Witt signale d’autres cas « neutres » où les données sur les bénéficiaires pourraient être précieuses pour des entités du secteur privé non liées d’une manière qui ne va pas à l’encontre des intérêts des conducteurs. Il donne l’exemple des promoteurs immobiliers commerciaux qui sont souvent contraints de prendre des décisions d’investissements et de services sur la base de données de trafic et de mobilité obsolètes.

Driver’s Seat explore les opportunités d’offrir des produits d’analyse agrégés à ces entreprises avec des revenus reversés sous forme de dividendes aux travailleurs des concerts et pour aider à financer la coopérative.

De nombreuses startups de données à la recherche d’opportunités de revenus durables doivent décider où tracer la ligne en termes de type de travail qu’elles sont prêtes à entreprendre ou de type d’entreprise avec lesquelles elles sont prêtes à travailler.

Matt Gee de Brighthive souligne l’intérêt croissant des investisseurs pour les startups qui peuvent aider les entreprises à naviguer vers la fin des « cookies », qui ont été essentiels à la publicité de tiers mais sont maintenant progressivement supprimés. « Les investisseurs s’inquiètent de la mort des données de tiers et ont soif d’entreprises qui s’attaquent à cela », dit-il.

Mais à mesure que les startups à l’esprit social gagnent plus d’affaires auprès des entreprises clientes, elles doivent équilibrer leur mission pour le bien social avec le gain financier de contrats lucratifs.

« Être une société d’intérêt public est-il davantage lié à ce que vous faites et à la façon dont vous le faites, ou avec qui vous travaillez ? Si nous travaillons sur une collaboration de données qui offre transparence et responsabilité aux organisations marketing mettant en commun des listes de clients, réduisons-nous réellement les dommages sociétaux ? Ce sont des questions avec lesquelles notre équipe est constamment aux prises », explique Gee.

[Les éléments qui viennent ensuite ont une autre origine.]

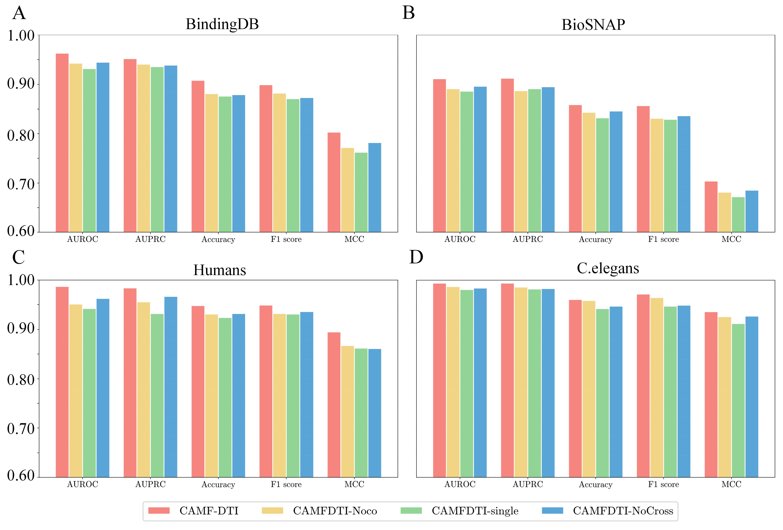 - Experimental results on multiple benchmark datasets demonstrate that CAMF-DTI outperforms existing state-of-the-art methods across AUROC, AUPRC, Accuracy, F1 score, and MCC metrics, indicating superior predictive performance and strong generalization ability.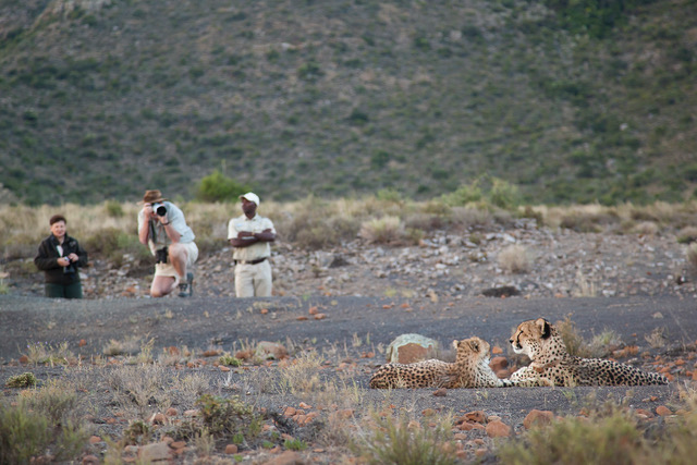 Many of the cheetahs are now habituated to vehicles and humans, allowing for close – though carefully managed – encounters. Some wear radio collars to help trackers monitor them across the rugged terrain. One evening, tracker Klippers climbs onto the tracking seat at the front of our vehicle and heads out in search of Naledi and her cubs. As dusk falls and we prepare to turn back, he disappears on foot with his device – and finds them. Later that night, as we sip drinks at the off-grid Plains Camp, two adult cheetahs materialise silently on the deck to drink from the plunge pool.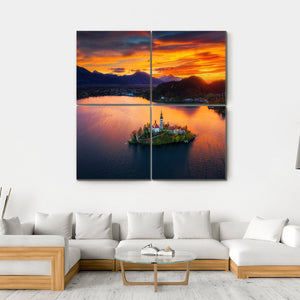 This serene canvas art captures the enchanting Church of Assumption set against a tranquil lake and majestic mountains. With a stunning sunset palette of orange, yellow, and blue, it evokes feelings of peace and reflection, perfect for adding a touch of nature to your home decor.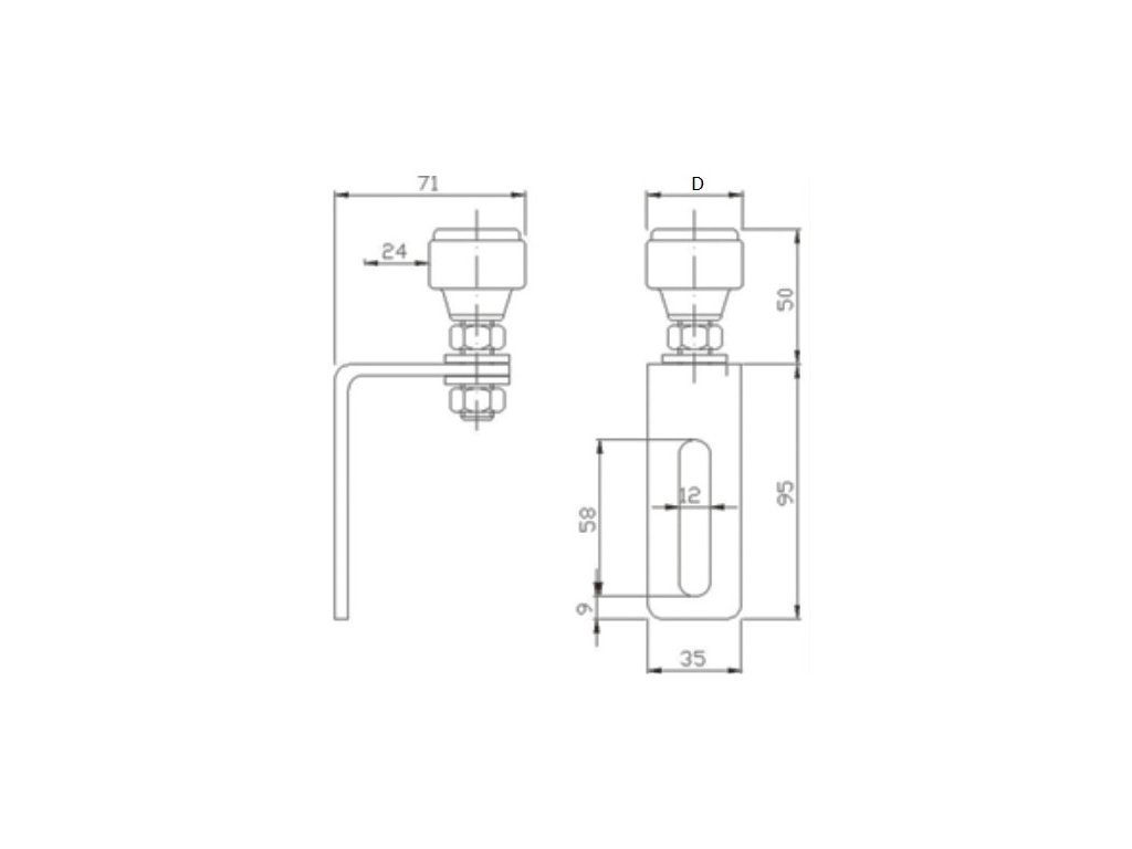 Boční vedení pro posuvné brány s válečky potaženými plastem nebo pryží. Držák má možnost regulace (viz výkres). Je určen k přišroubování ke stěně, plotu nebo nivelační sloupek.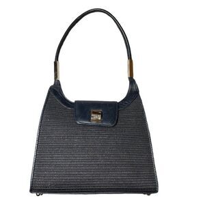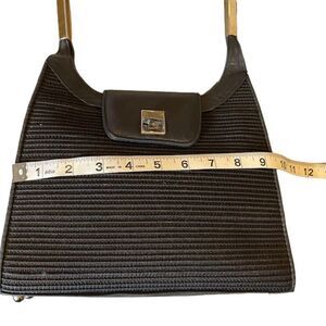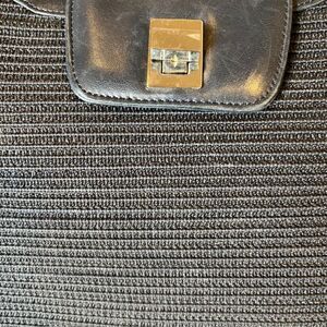 Stuart Weitzman Black Crochet Handbag Silver Hardware Black Strap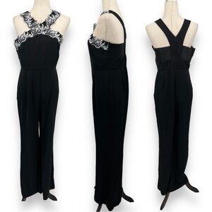 Anthropologie Foxiedox Sarah Floral Embroidered Wide Leg Halter Jumpsuit Medium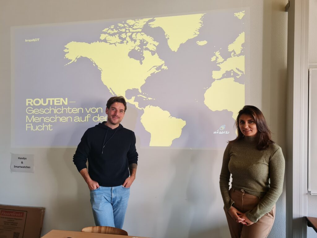 Projektmanager Filippo Steven Ferrara und Trina Mansoor von der Organisation HÁWAR führten den Workshop zum Thema Fluchtmigration durch.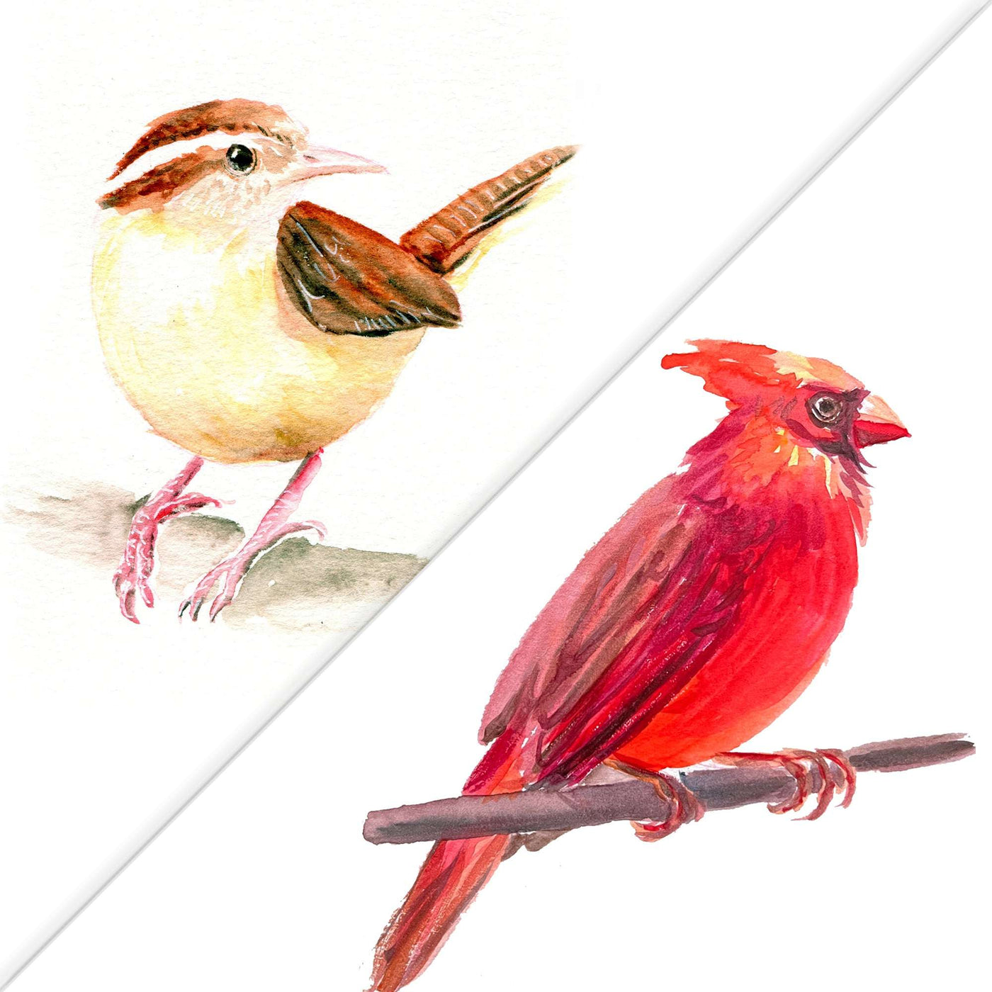 Watercolor painting of two birds, a beige finch and a vibrant red cardinal, perched and alert.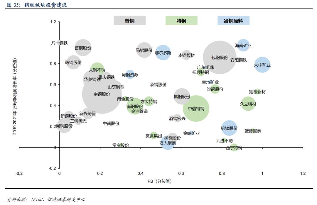 回顾 2016-2018 年及 2020-2021 年两轮 PPI 转正行情,我们发现,行情初期率先上涨的标的主要分布于中小市值区间。而贯穿整轮上涨,累计涨幅较大的标的主要分布于兼具业绩成长性及估值性价比区间,标的以普钢公司为主。若 PPI 转正,特别是后续有相应供给端、需求端政策出台后,我们认为,行情初期板块配置上重点关注特钢,在过去两轮行情中特钢板块行情初期上涨速度较快。贯穿整轮行情板块配置上重点关注普钢,板块业绩修复空间大,在过去两轮行情中普钢个股涨幅较高。个股选择方面,在不考虑公司自身的经营情况发生的重大改变,基于 2019-2021 年期间业绩成长性测算,我们认为,行情初期中小市值公司或率先上涨;行情中后期,兼具成长性与性价比的普钢公司或涨幅居前。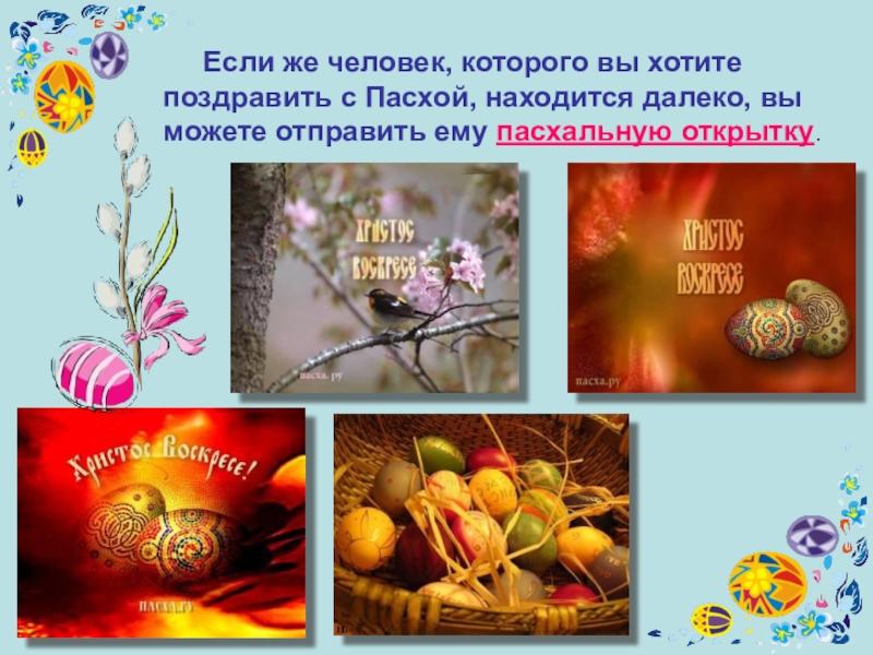 Пасхой, находится далеко, вы можете отправить ему пасхальную открытку.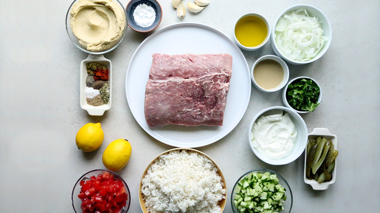 Gather the ingredients for Middle Eastern-spiced beef shawarma bowls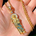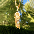 Gold Ice Finish Cubic Zirconia San Judas Pendant Necklace
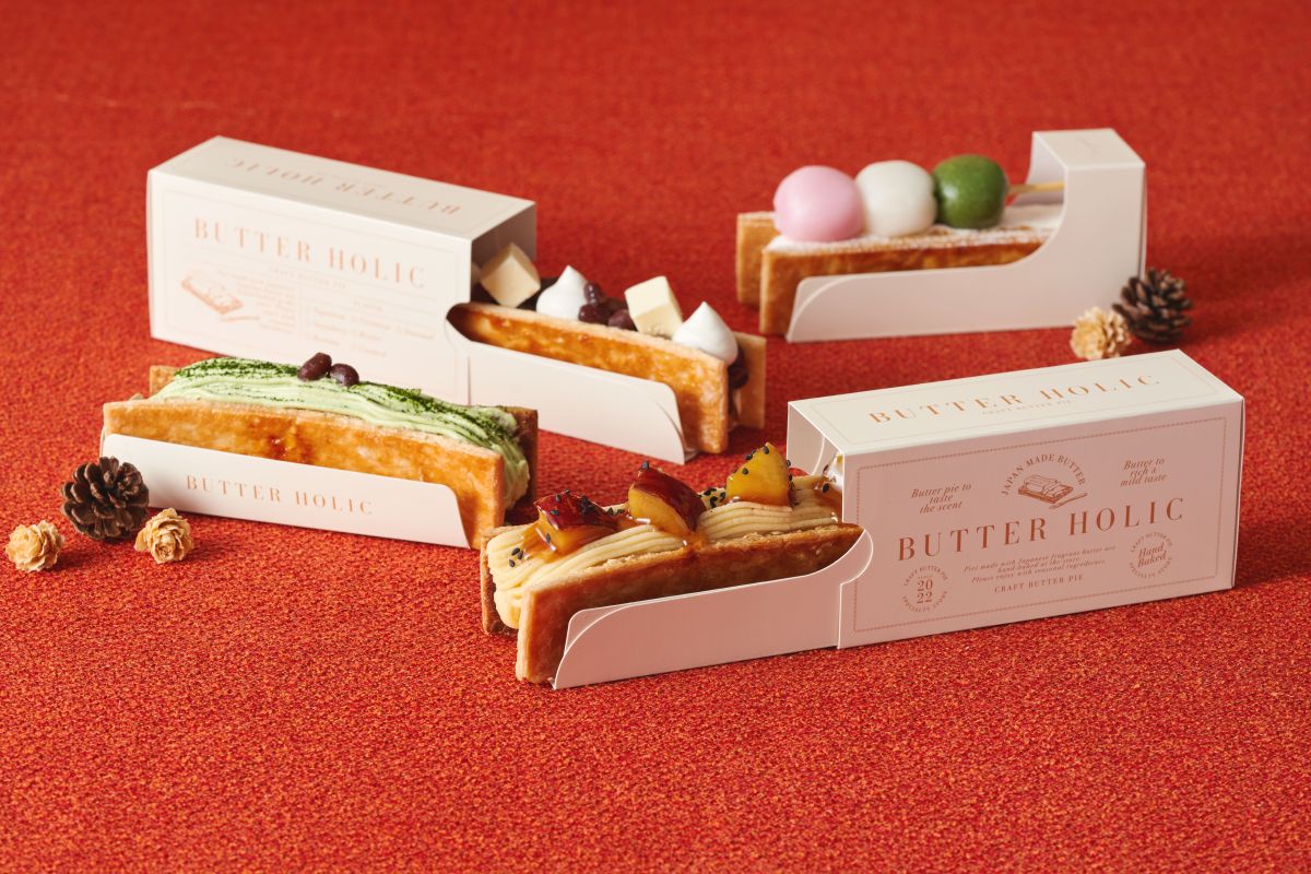 2022年6月にオープンした、日本初の(※)クラフトバターパイ専門店「BUTTER HOLIC(バターホリック)」。新しい概念のミルフィーユが話題を集めています。2022年9月1日(木)からは期間限定商品としてバターパイメニュー「大学いモンブラン」「あんバターカスタード」「鎌倉だんご」「抹茶あずき」の4種類を新発売。ここでしか味わえない新しいスイーツの魅力を堪能してください! (※) 自社調べ/日本国内のおける「クラフトバターパイ専門店」として/2022年8月時点

Les startups de données seront inévitablement confrontées à des défis, notamment l’équilibre entre la mission sociale, l’éthique et les modèles commerciaux, mais alors que l’économie des données continue de croître, elles sont dans une position unique pour trouver de nouvelles façons d’exploiter de manière responsable les informations que les données peuvent fournir aux citoyens, organisations et gouvernements, arrachant une partie du pouvoir sur les données aux Big Tech.

« Notre économie des données doit s’ancrer sur la création de valeur pour tout le monde dans la société, ce qui nécessite que le contrôle des utilisateurs, l’intermédiation de confiance et la gouvernance collective soient intégrés dans des modèles innovants de gestion des données », déclare Sushant Kumar, directeur de la technologie responsable chez Omidyar Réseau.

« L’intégration d’une masse critique d’utilisateurs, la réception d’un soutien réglementaire et la réalisation de la viabilité financière garantiront également que ces conceptions réussiront à perturber le statu quo et à injecter de l’équité dans le paradigme actuel. »

Ce contenu a été produit par Insights, la branche de contenu personnalisé de MIT Technology Review. Il n’a pas été écrit par l’équipe éditoriale du MIT Technology Review.